The first two episodes of season four focus heavily on the fallout of this season’s Ava/Deborah power struggle and how it affects the late-night show they’re trying to launch. Deborah tries mightily to get Ava fired by sneaking Ava’s panties onto an executive’s desk and calling in a fake drug tip. They radiate tension whenever they’re in the same room and everyone can tell something is up. Forever frazzled manager Jimmy (Paul W. Downs) becomes a reluctant intermediary between Ava and Deb, trying to keep the tenuous peace by reminding them what’s at stake. Their sniping puts the production behind schedule, leaving writers un-hired, taglines un-approved, and bits unwritten. Things become untenable when New York Times Magazine does a promo piece and wants both women on the cover. This leads to a very public screaming match between the two comedians that gets uploaded to the internet in no time.

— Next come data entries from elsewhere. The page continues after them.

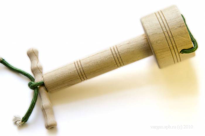 Деревянная рукоятка предназначена для более удобного держания варгана, который жестко крепится к ней закручивающимся шнуром. Для инструментов с большим диаметром основания рамы.
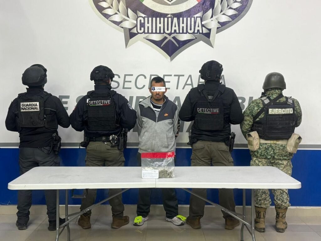Fue en el cruce de las calles Ejido Meoqui y Benjamín Argumedo donde los elementos lograron darle alcance al vehículo. Durante la inspección, se localizaron en la guantera seis envoltorios que contenían una hierba verde, seca y olorosa, con características similares a la marihuana.
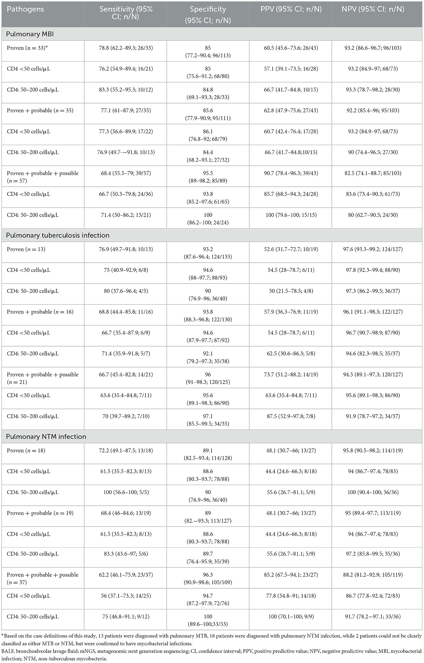 Recent advancements in metagenomic next-generation sequencing (mNGS) provide a promising solution to the diagnostic challenges posed by pulmonary MBI in PWH. Unlike conventional diagnostic methods that rely on predefined targets, mNGS enables unbiased detection of diverse pathogens in a single assay, making it theoretically capable of identifying all potential pathogens present in a sample. This unbiased approach circumvents the need for specific hypotheses regarding the etiology of infection, allowing for comprehensive pathogen identification (Gu et al., 2019; Miller and Chiu, 2022). This novel technique has demonstrated high sensitivity and specificity in detecting pathogens across various clinical specimens from different infection sites, such as the central nervous system (CNS) and the lungs (Zhu et al., 2022a,b; Fang et al., 2020; Chen et al., 2022; Miao et al., 2018; Yan et al., 2021; Huang et al., 2020). However, available evidence remains limited regarding the role of mNGS in distinguishing pulmonary mycobacterial infections in PWH. The present study aimed to assess the effectiveness of mNGS of bronchoalveolar lavage fluid (BALF) in aiding the diagnosis of pulmonary mycobacterial infections in PWH. Our study primarily focused on MTB and NTM, systematically evaluating the diagnostic performance of BALF mNGS using standardized criteria, with particular emphasis on interpreting polymicrobial infections involving mycobacteria and other co-pathogens.
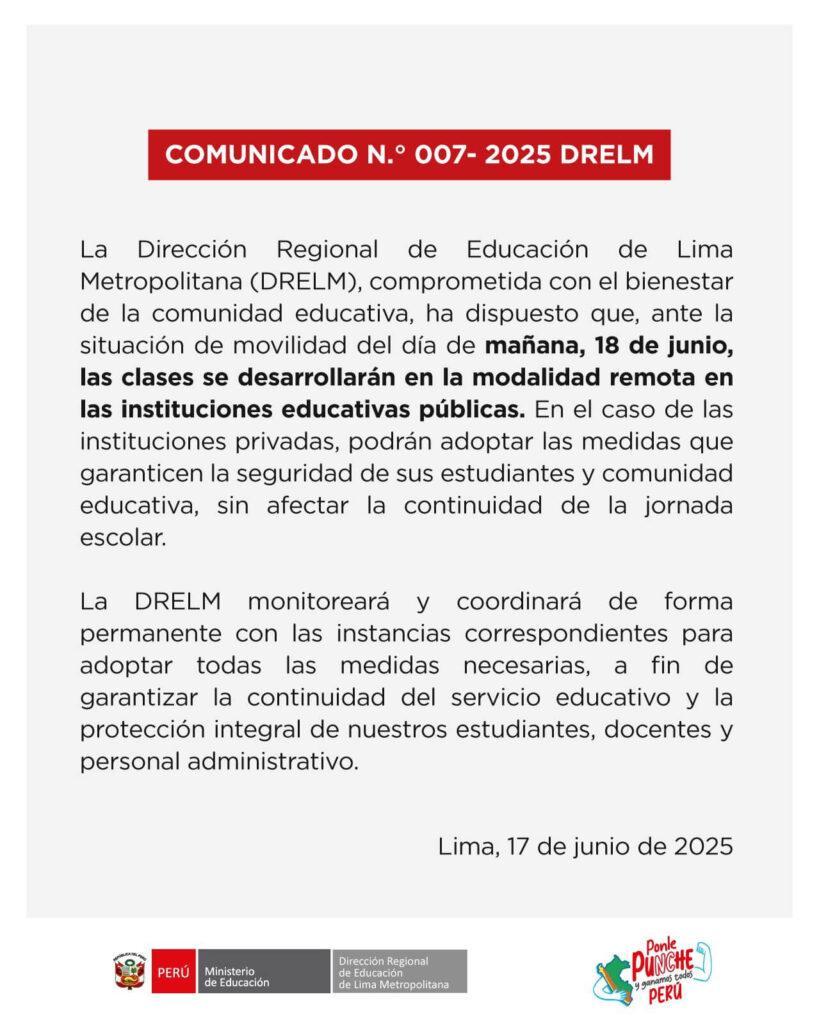 El Instituto de Educación Superior Tecnológico Público “Naciones Unidas” informa a toda la comunidad educativa que, siguiendo las disposiciones emitidas por la Dirección Regional de Educación de Lima Metropolitana (DRELM) mediante el Comunicado N.º 007-2025, las clases del miércoles 18 de junio de 2025 se desarrollarán en la modalidad virtual (remota).

Network executive extraordinaire Winnie (Helen Hunt) sits the bickering duo down to give them the tough, unsentimental facts: she needs a hit, Deborah is the only option they have or else the timeslot goes to a clip show, and so Ava and Deb need to work their fight out and get the show up on its feet. Deborah and Ava agree to work together, but once the show is over, they’ll never speak to each other again.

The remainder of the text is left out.